I.e. if register is unused it will not be initialized.

sebastian-ne accepted this revision.Nov 11 2020, 9:33 AM

Thanks, LGTM from my side. Looks quite clean and passed short Vulkan CTS testing.

This revision is now accepted and ready to land.Nov 11 2020, 9:33 AM
arsenm added inline comments.Nov 11 2020, 10:05 AM
llvm/lib/Target/AMDGPU/SIInstrInfo.cpp
1388–1390

I think we can remove this check and replace it with a check for stack objects now. In the spill case it should have always been redundant

rampitec added inline comments.Nov 11 2020, 12:14 PM
llvm/lib/Target/AMDGPU/SIInstrInfo.cpp
1388–1390

Theoretically yes, we could replace it with:

if (!ScratchRsrcReg || (!MRI.isPhysRegUsed(ScratchRsrcReg) &&
                        allStackObjectsAreDead(MF.getFrameInfo())))

Then isPhysRegUsed() is still needed. Example is in the amdpal.ll, function @scratch:

bb.0.entry:
  liveins: $sgpr0_sgpr1
  %1:sgpr_64(p4) = COPY $sgpr0_sgpr1
  %4:sreg_64_xexec = S_LOAD_DWORDX2_IMM %1:sgpr_64(p4), 11, 0, 0 :: (dereferenceable invariant load 8 from %ir.0, align 4, addrspace 4)
  %5:sreg_32 = COPY %4.sub0:sreg_64_xexec
  %6:sreg_32 = S_MOV_B32 0
  %7:sreg_64 = REG_SEQUENCE killed %5:sreg_32, %subreg.sub0, killed %6:sreg_32, %subreg.sub1
  %8:sreg_32 = S_MOV_B32 2
  %9:sreg_64 = S_LSHL_B64 killed %7:sreg_64, killed %8:sreg_32, implicit-def dead $scc
  %10:sreg_64 = S_ADD_U64_PSEUDO %1:sgpr_64(p4), killed %9:sreg_64, implicit-def dead $scc
  %11:sreg_32 = COPY %4.sub1:sreg_64_xexec
  %12:sreg_32_xm0_xexec = S_LOAD_DWORD_IMM killed %10:sreg_64, 9, 0, 0 :: (dereferenceable invariant load 4, addrspace 4)
  %13:vgpr_32 = COPY %12:sreg_32_xm0_xexec
  %14:vgpr_32 = COPY %11:sreg_32
  BUFFER_STORE_DWORD_OFFEN killed %13:vgpr_32, killed %14:vgpr_32, $private_rsrc_reg, 0, 0, 0, 0, 0, 0, 0, implicit $exec :: (store 4 into %ir.2, addrspace 5)
  S_ENDPGM 0

It has $private_rsrc_reg use right after selection and no stack objects.

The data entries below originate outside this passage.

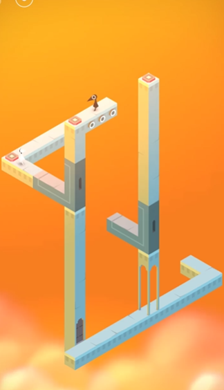 艾达出现后,你操控她沿着出现的道路向左下方行走,转弯并上楼梯,走向那扇开启的门从而进入第二个场景,在新场景中,你需要利用画面上方的一个滑块来控制另一只乌鸦的行动,先将滑块移动到右侧,让乌鸦去踩右边的机关,这会使艾达所站的灰色道路平台发生旋转,当道路旋转到合适位置,连接通向你时,立刻让艾达走到那个L型的灰色道路上去。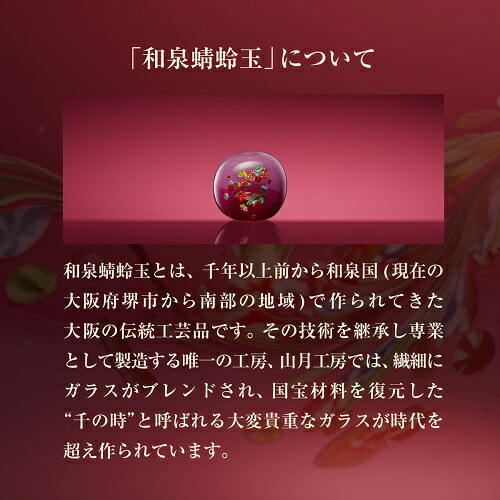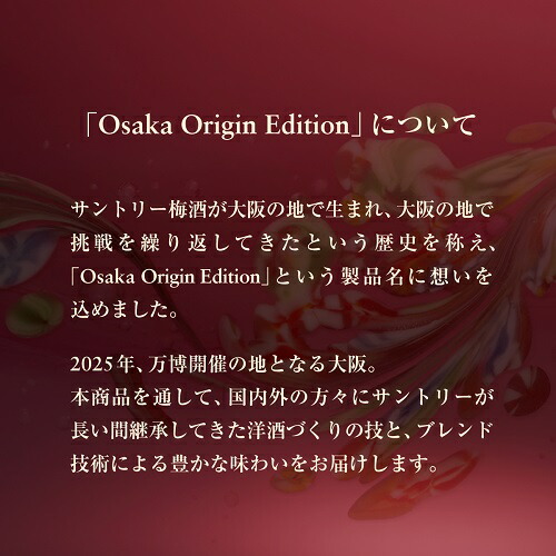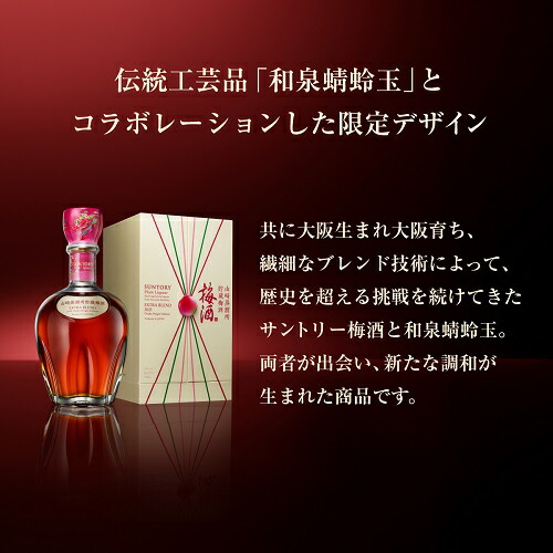 ウイスキー古樽を使用し、山崎蒸溜所にて貯蔵したブランデー梅酒を贅沢に使用。 その味わいと香りが引き立つよう、梅酒樽で長期間熟成したモルトウイスキーやその他貴重なブランデー古酒をブレンド。 ■つくりのこだわり ◆山崎蒸溜所で樽熟成したブランデー梅酒の柔らかく華やかな香味を最大限感じられる設計 ◆骨格となる梅酒の味わいを更に引き立たせるために、梅酒を貯蔵した樽で長期熟成した、モルトウイスキーをブレンド ◆超長期熟成ブランデー古酒配合により、華やかで奥行きのある、カドの無いまろやかな深い味わい ■デザインの特徴 大阪生まれ大阪育ちの山崎蒸溜所貯蔵梅酒に、同じく大阪の地で育まれた伝統工芸「和泉蜻蛉玉」のデザインを表現し、 大阪での挑戦の歴史を重ね合わせたデザイン。 今回の商品の為に作成したオリジナルの和泉蜻蛉玉の模様をキャップシールと首貼りにデザイン。 大阪府知事指定 伝統工芸品 和泉蜻蛉玉とは? 大阪府知事指定伝統工芸品であり、山月工房の登録商標。 和泉の国(大阪府堺市周辺)で奈良時代以前より製作されてきた。 「和泉蜻蛉玉」に使用しているガラス材料は、国宝復元材料を再生した”千の時”と呼ばれる大変貴重なガラスをはじめ、 伝統に特化したガラスを使用しています。 和泉蜻蛉玉を作成できるのは、たった一人の伝統工芸士であるという非常に希少価値の高い伝統工芸品。【 品名 】本格梅酒 【 容量 】700ml【アルコール分】16% 【製造者】サントリー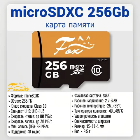 | Технические характеристики карты памяти Fox microSDXC 256Gb | |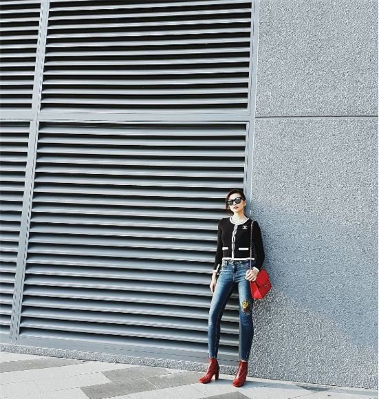 Mặc dù diện đồ bình dân, nhưng cô luôn thể hiện đẳng cấp khi kết hợp phụ kiện hàng hiệu rất thu hút.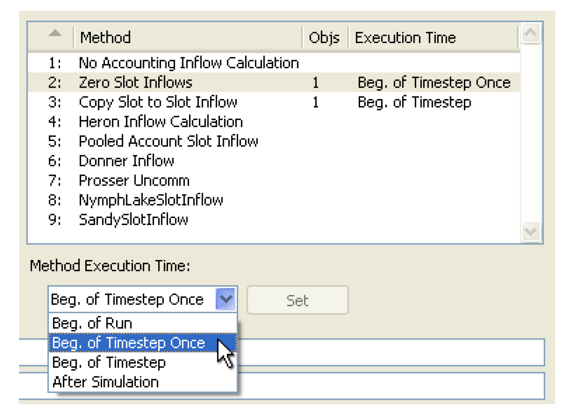 • By selecting the Set button next to the Method Execution Time selector. This effects the methods on the objects currently having that method setting.
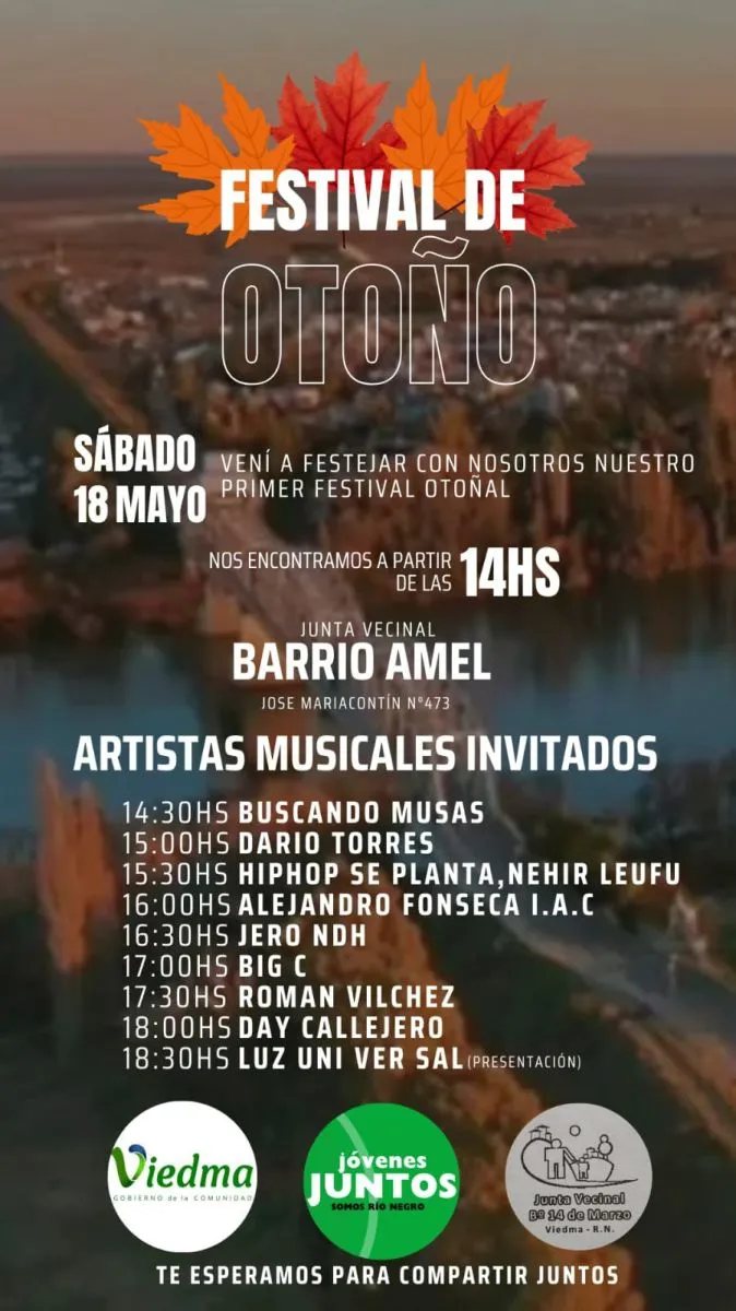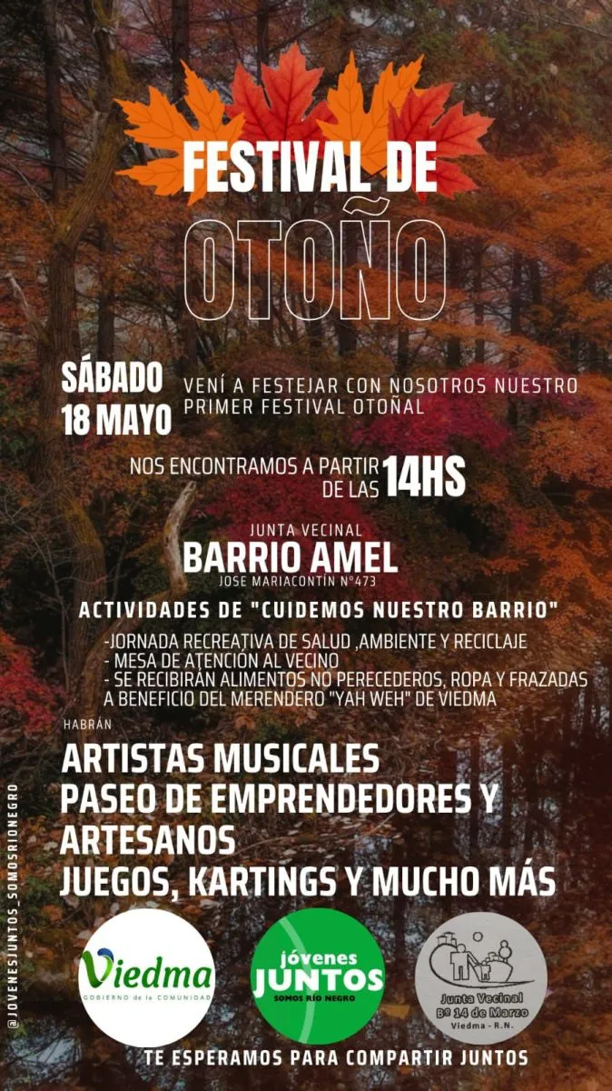 El sábado 18 de mayo, de 14:00 a 18:30, se llevará a cabo el primer festival en el barrio 14 de Marzo, conocido como Amel. La actividad está organizada por la agrupación Jóvenes Juntos Somos Río Negro, en conjunto con la Junta Vecinal y con el apoyo de la Municipalidad de Viedma.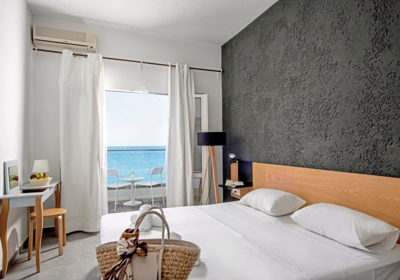 Je nach Kategorie blickt Ihr seitlich auf das Meer oder direkt aufs Wasser; teils zeigt sich auch der Poolbereich. Ihr wählt zwischen Doppel-, Twin- oder Einzelbetten, alle Zimmer sind Nichtraucher. Die klare Linie passt zur ruhigen Adults-only-Ausrichtung und zur unmittelbaren Strandlage.
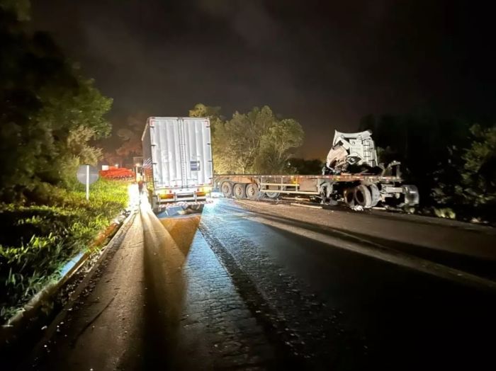 Uma pessoa ficou ferida e uma morreu após um grave acidente envolvendo dois caminhões e uma motocicleta na BR-470, em Agronômica, na manhã desta terça-feira (6), por volta das 5h. A colisão resultou na morte do motociclista, que ainda não foi identificado.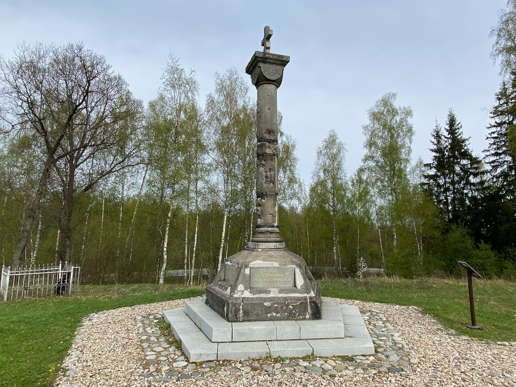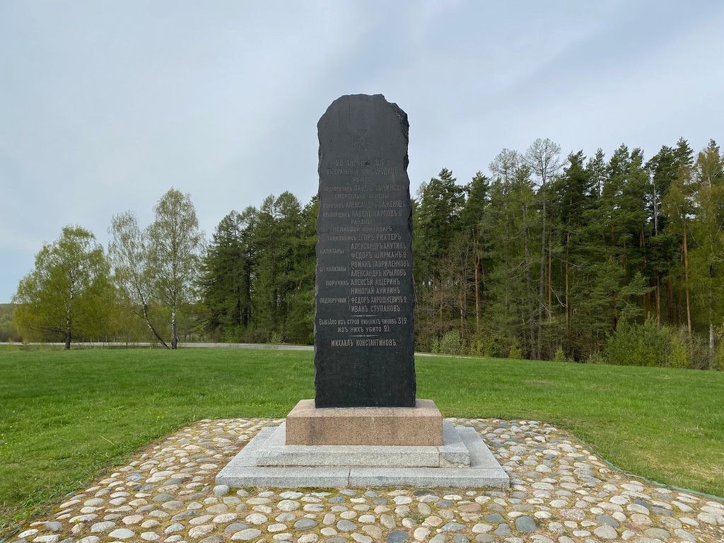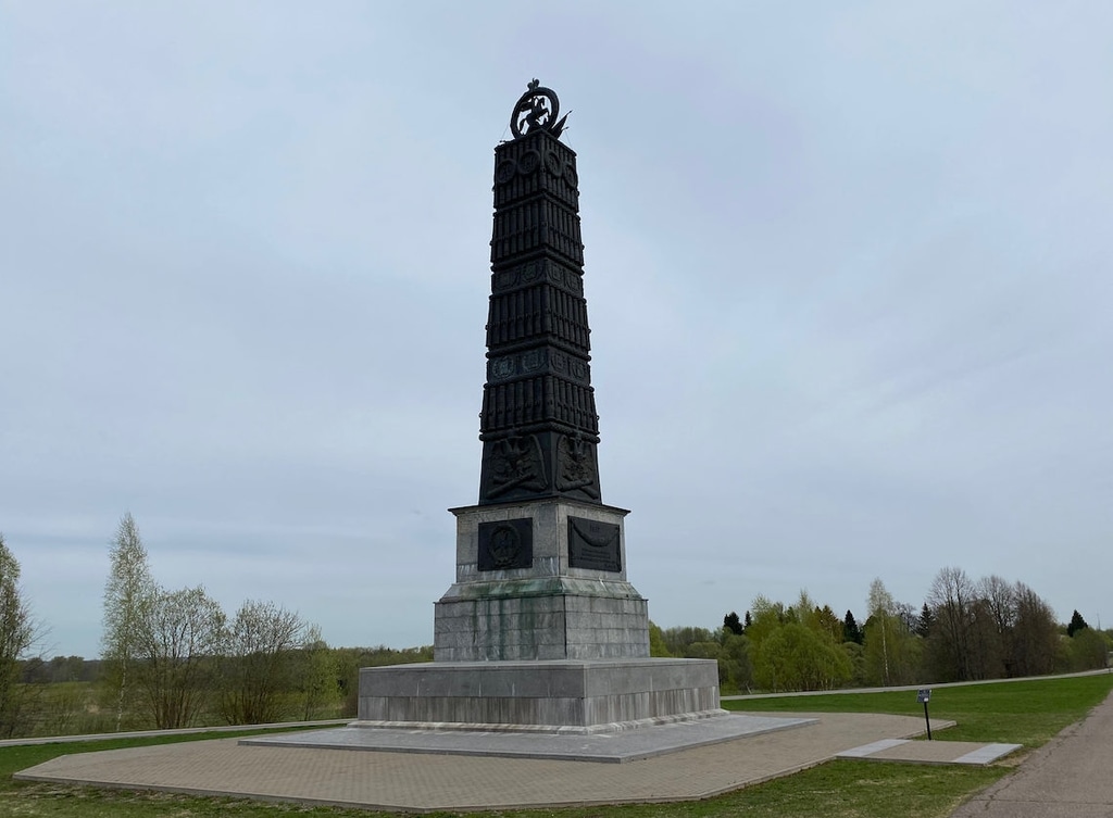 Главный памятник героям Бородинского сражения установили в 1839 году в честь 25-летия со дня Бородинского сражения. Его высота — 27,5 метров. На его гранях содержится информация о численности французской и русской армий, о погибших в Бородинском сражении русских генералах, об отступлении русских к Москве, о вступлении французов в первопрестольную и взятии Парижа. Согласно тексту на памятнике в 1812 году 554 000 солдат наполеоновского войска вошли в Россию, из них назад вернулись только 79 000.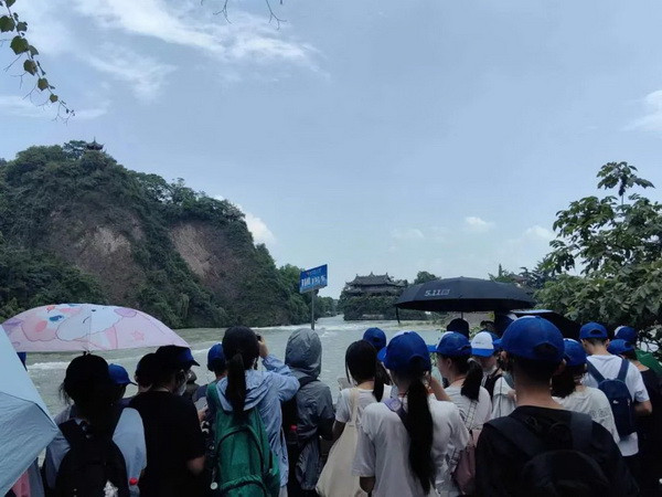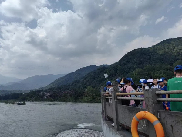 成都之旅第二天,简短的开营仪式后,我们坐车前往都江堰,这是使成都成为天府之国的伟大工程。都江堰主要由鱼嘴分水堤、飞沙堰溢洪道和宝瓶口进水口三大部分构成。看到湍急的水流在李冰精妙的设计下分成了外江和内江,分别用于排洪和引水灌溉,古人的智慧实在令人叹服。

Then allStackObjectsAreDead() is also needed. Unfortunatelly doing so worsens the codegen. For example in idot8s.ll there is test @idot8_acc32. It ends up requesting 12 bytes of scratch, but never uses it. Stack is allocated at the selection and comes dead, but not marked as dead and not eliminated:

Frame Objects:
  fi#-1: size=4, align=16, fixed, at location [SP]
  fi#0: size=4, align=4, at location [SP+4]
  fi#1: size=4, align=4, at location [SP+8]

I believe it was supposed to be eliminated by the StackSlotColoring, but it was not because LiveStacks comes out empty.

I.e. until we resolve dead stack objects elimination issue it is better to rely on the scratch rsrc register usage.

rampitec added inline comments.Nov 11 2020, 4:16 PM
llvm/lib/Target/AMDGPU/SIInstrInfo.cpp
1388–1390

See D91307 for elimination of dead stack objects. That one is needed if we want to remove implicit operand here (and in fact just needed).

rampitec updated this revision to Diff 304951.Nov 12 2020, 1:23 PM

OK, let's untangle this from dead slot elimination.
Dropped rsrc operand completely.

arsenm accepted this revision.Nov 12 2020, 3:09 PM
arsenm added inline comments.
llvm/test/CodeGen/AMDGPU/idot8s.ll
531–534

These are ugly but this won't happen in the real world with normal vector types

This revision was automatically updated to reflect the committed changes.